Of the rest of the handful of states with active bills, Washington state’s Washington Privacy Act (WPA) likely stands the best chance of passing into law. WPA would create a similar set of consumer rights compared to CDPA and CCPA/CPRA, garnering support among several high-profile stakeholders, including the state’s big digital players. Though similar bills failed in Washington for the past two legislative sessions, primary bill sponsor Sen. Reuven Carlyle (D) crafted certain alterations that should improve its chances of passage this time around. These include enhanced ability for the Washington Attorney General to enforce the law, as well as additional protections for data generated from contact tracing apps.
Next Patch Up?
Meanwhile, several other states are toiling at various stages of the policy development process, with some surprising players making noise. Oklahoma legislators, for example, are debating whether to approve what would likely constitute the strictest privacy law in the country. The bipartisan Computer Data Privacy Act would require companies to obtain the opt-in consent of users to collect and process personal information. The measure boasts 44 cosponsors, already nearly a majority of Oklahoma’s 101-member House of Representatives, which requires 51 votes for passage.

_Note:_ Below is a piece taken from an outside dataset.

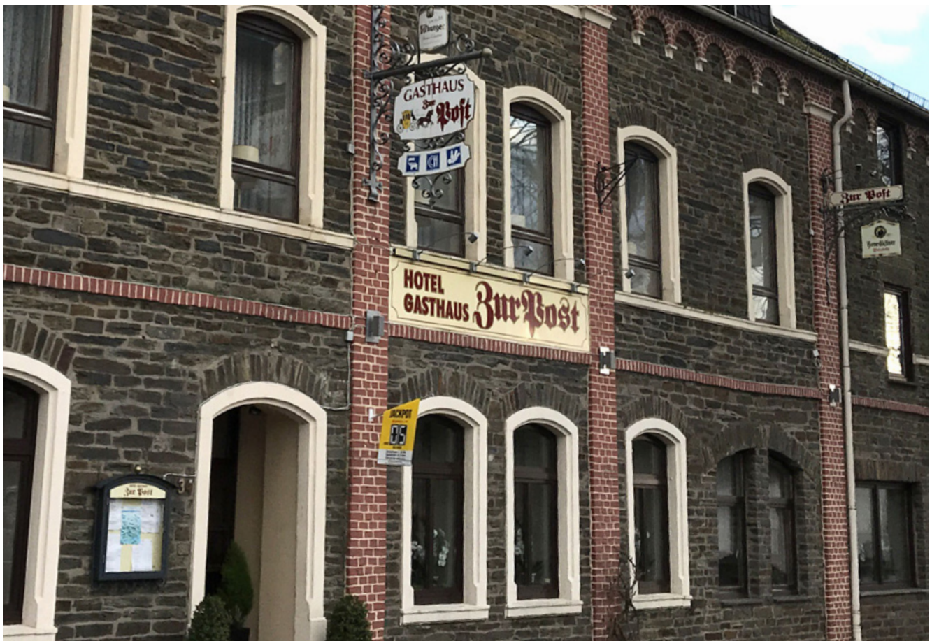
Positiv: an Gebäudebestand angepasste Ausleger

(6) Technische Anlagen, Antennen und Telekommunikationsleitungen dürfen das umliegende Ortsbild nicht stören.

With 31 Republicans and 13 Democrats onboard, this development perhaps presages a new front in the simmering “techlash,” where both parties agree to funnel grievances, thus far limited to platform and censorship issues, into the privacy space. If that turns out to be the case beyond Oklahoma, we could be in for a tumultuous 2021, with the resulting pressure on federal lawmakers likely escalating to unsustainable levels.
At this juncture, the exact composition of the emerging privacy patchwork remains unclear, despite its imminent growth. But while a multitude of state privacy laws is certainly not ideal for app developers in the short run, it may be the painful but necessary step to kick-start negotiations at the federal level. As always, we will continue to follow closely and remain a resource in the interim.